All Writable stream implementations must provide a writable._write() method to send data to the underlying resource.

Note: Transform streams provide their own implementation of the writable._write().

Note: This function MUST NOT be called by application code directly. It should be implemented by child classes, and called only by the internal Writable class methods only.

The callback method must be called to signal either that the write completed successfully or failed with an error. The first argument passed to the callback must be the Error object if the call failed or null if the write succeeded.

It is important to note that all calls to writable.write() that occur between the time writable._write() is called and the callback is called will cause the written data to be buffered.
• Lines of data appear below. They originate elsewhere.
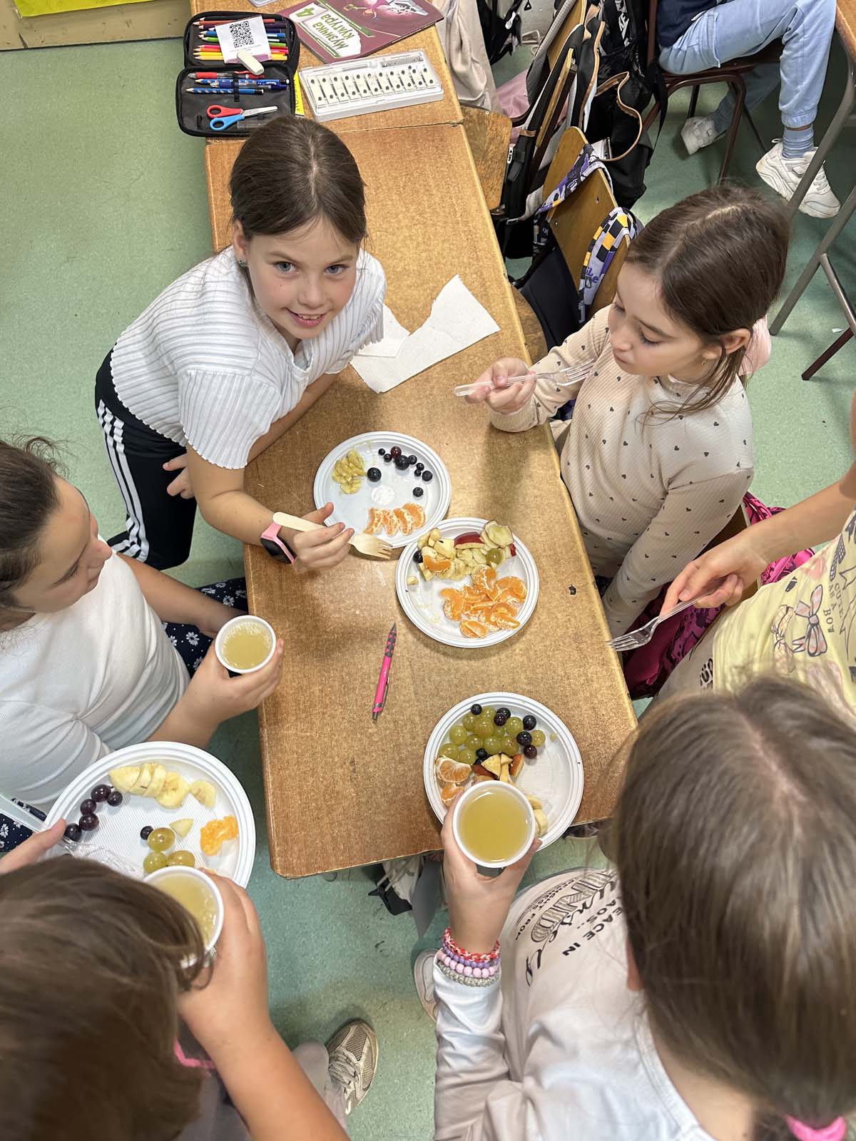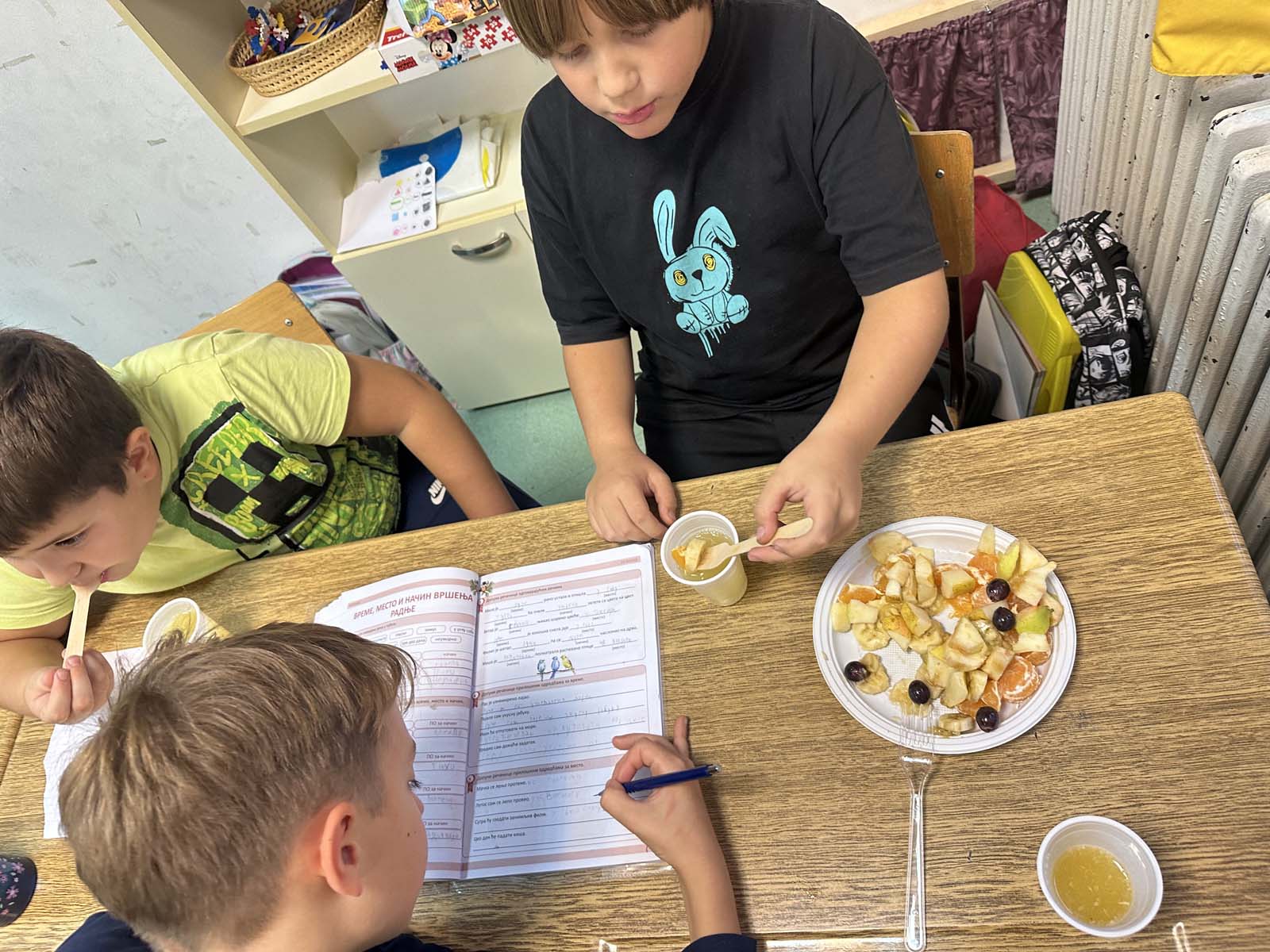 Поводом Дана здраве хране, који се обележава 16. октобра, у одељењу IV-5 одржана је занимљива радионица посвећена здравим навикама. Ученици су припремали воћне салате и лимунаде са медом, као важним делом здраве исхране, а били су подељени у три екипе: једна екипа је радила припрему воћа (прање, љуштење), друга екипа је сецкала воће и ређала у дванаест тањира, а трећа екипа је цедила лимун и правила лимунаде. Потом су се ротирали, како би сви ученици прошли све делове радионице.
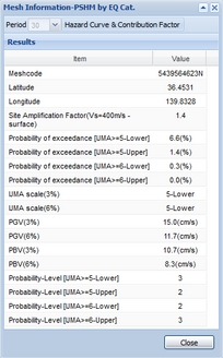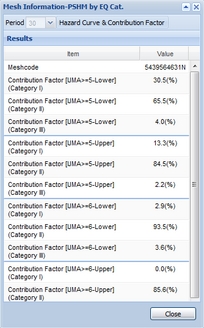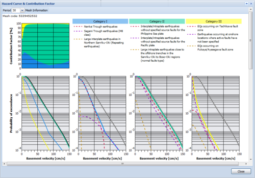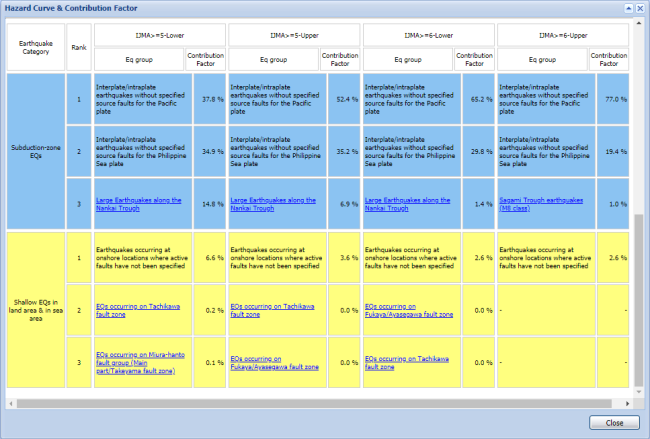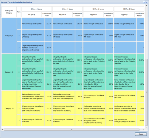 In addition to hazard curve and contribution factor for earthquake category, you can see hazard curves for earthquake groups which of contribution factor is ranked in the top 3 of each earthquake category.
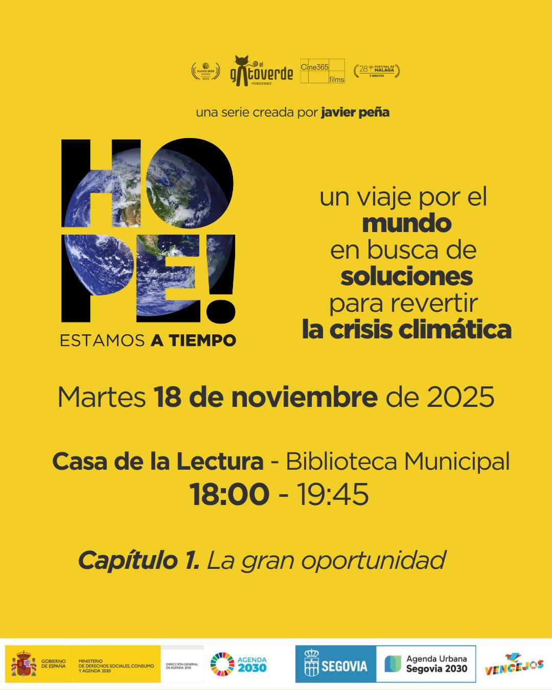 El Ayuntamiento de Segovia, a través de las áreas de Educación y Juventud y Agenda Urbana y Fondos Europeos, impulsa la proyección de la serie documental ‘Hope, estamos a tiempo’. Esta tiene el objetivo de fomentar la reflexión y el debate ciudadano en torno a las soluciones frente a la crisis climática.
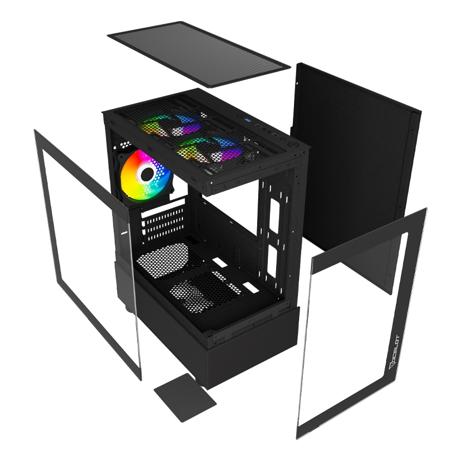 GABINETE OCELOT GAMING GLASS EN6 / MINI TOWER / M-ATX, ITX / PANEL LATERAL Y FRONTAL DE CRISTAL TEMPLADO/ INCLUYE 3 VENTILADORES / ENFRIAMIENTO LIQUIDO HASTA 240MM / GPU HASTA 315MM / COLOR NEGRO
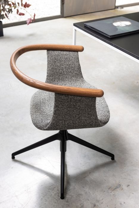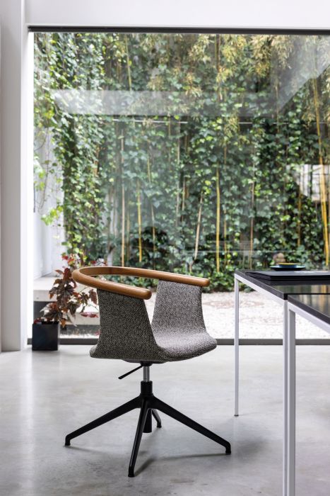 Yuumi conta anche di una versione dedicata all’ufficio e agli spazi di lavoro, anche in ambito residenziale, con struttura girevole e regolabile in altezza, con colonna centrale e base a quattro razze in metallo color antracite.

Once the callback is invoked, the stream will emit a 'drain' event. If a stream implementation is capable of processing multiple chunks of data at once, the writable._writev() method should be implemented.

If the decodeStrings property is set in the constructor options, then chunk may be a string rather than a Buffer, and encoding will indicate the character encoding of the string. This is to support implementations that have an optimized handling for certain string data encodings. If the decodeStrings property is explicitly set to false, the encoding argument can be safely ignored, and chunk will always be a Buffer.

The writable._write() method is prefixed with an underscore because it is internal to the class that defines it, and should never be called directly by user programs.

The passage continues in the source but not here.